When the line containing "لوح شوكولاته زيرو" appears in the data below, begin copying there and stop only after the line containing "Dal Rossi Italy".

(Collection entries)
*** Begin section ***
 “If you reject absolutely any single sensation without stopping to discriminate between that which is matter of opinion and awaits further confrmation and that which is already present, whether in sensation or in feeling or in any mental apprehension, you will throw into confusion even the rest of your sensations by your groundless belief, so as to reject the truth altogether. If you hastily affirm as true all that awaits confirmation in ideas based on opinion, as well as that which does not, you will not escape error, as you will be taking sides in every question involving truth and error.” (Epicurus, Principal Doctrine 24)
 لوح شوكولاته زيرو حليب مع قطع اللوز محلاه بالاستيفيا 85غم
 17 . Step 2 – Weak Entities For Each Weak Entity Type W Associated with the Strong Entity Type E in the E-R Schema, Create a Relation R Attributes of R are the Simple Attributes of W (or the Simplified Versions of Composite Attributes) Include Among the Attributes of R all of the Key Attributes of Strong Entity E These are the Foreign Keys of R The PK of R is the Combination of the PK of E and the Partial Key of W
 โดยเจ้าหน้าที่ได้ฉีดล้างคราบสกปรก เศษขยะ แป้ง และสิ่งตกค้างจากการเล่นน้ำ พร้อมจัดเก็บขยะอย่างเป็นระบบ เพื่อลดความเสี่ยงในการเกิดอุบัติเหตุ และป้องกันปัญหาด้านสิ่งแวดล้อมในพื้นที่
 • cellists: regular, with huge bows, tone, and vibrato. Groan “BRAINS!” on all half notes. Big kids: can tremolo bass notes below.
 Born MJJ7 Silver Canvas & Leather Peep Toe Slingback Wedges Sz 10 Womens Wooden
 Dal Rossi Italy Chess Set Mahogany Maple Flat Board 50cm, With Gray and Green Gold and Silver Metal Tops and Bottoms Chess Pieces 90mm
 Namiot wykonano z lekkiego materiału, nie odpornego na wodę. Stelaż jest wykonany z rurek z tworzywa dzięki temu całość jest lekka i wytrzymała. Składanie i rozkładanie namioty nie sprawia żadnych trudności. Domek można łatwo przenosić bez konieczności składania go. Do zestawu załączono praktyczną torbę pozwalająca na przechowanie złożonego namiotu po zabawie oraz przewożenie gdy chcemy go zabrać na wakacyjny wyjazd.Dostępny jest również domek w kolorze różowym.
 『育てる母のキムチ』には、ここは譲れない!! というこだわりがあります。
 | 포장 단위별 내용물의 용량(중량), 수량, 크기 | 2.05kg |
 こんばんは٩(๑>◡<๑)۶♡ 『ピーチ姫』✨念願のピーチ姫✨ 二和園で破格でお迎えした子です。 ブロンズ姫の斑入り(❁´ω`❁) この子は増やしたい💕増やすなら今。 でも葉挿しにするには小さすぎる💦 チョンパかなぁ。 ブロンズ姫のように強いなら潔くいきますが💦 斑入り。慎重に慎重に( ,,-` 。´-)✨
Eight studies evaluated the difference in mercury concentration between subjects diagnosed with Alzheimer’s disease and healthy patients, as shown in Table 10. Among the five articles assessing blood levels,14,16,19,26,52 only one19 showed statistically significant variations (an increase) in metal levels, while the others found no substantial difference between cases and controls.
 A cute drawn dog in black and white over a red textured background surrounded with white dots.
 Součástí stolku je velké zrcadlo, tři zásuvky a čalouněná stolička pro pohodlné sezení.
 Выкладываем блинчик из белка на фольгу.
*** End section ***
Response area →
 لوح شوكولاته زيرو حليب مع قطع اللوز محلاه بالاستيفيا 85غم
 17 . Step 2 – Weak Entities For Each Weak Entity Type W Associated with the Strong Entity Type E in the E-R Schema, Create a Relation R Attributes of R are the Simple Attributes of W (or the Simplified Versions of Composite Attributes) Include Among the Attributes of R all of the Key Attributes of Strong Entity E These are the Foreign Keys of R The PK of R is the Combination of the PK of E and the Partial Key of W
 โดยเจ้าหน้าที่ได้ฉีดล้างคราบสกปรก เศษขยะ แป้ง และสิ่งตกค้างจากการเล่นน้ำ พร้อมจัดเก็บขยะอย่างเป็นระบบ เพื่อลดความเสี่ยงในการเกิดอุบัติเหตุ และป้องกันปัญหาด้านสิ่งแวดล้อมในพื้นที่
 • cellists: regular, with huge bows, tone, and vibrato. Groan “BRAINS!” on all half notes. Big kids: can tremolo bass notes below.
 Born MJJ7 Silver Canvas & Leather Peep Toe Slingback Wedges Sz 10 Womens Wooden
 Dal Rossi Italy Chess Set Mahogany Maple Flat Board 50cm, With Gray and Green Gold and Silver Metal Tops and Bottoms Chess Pieces 90mm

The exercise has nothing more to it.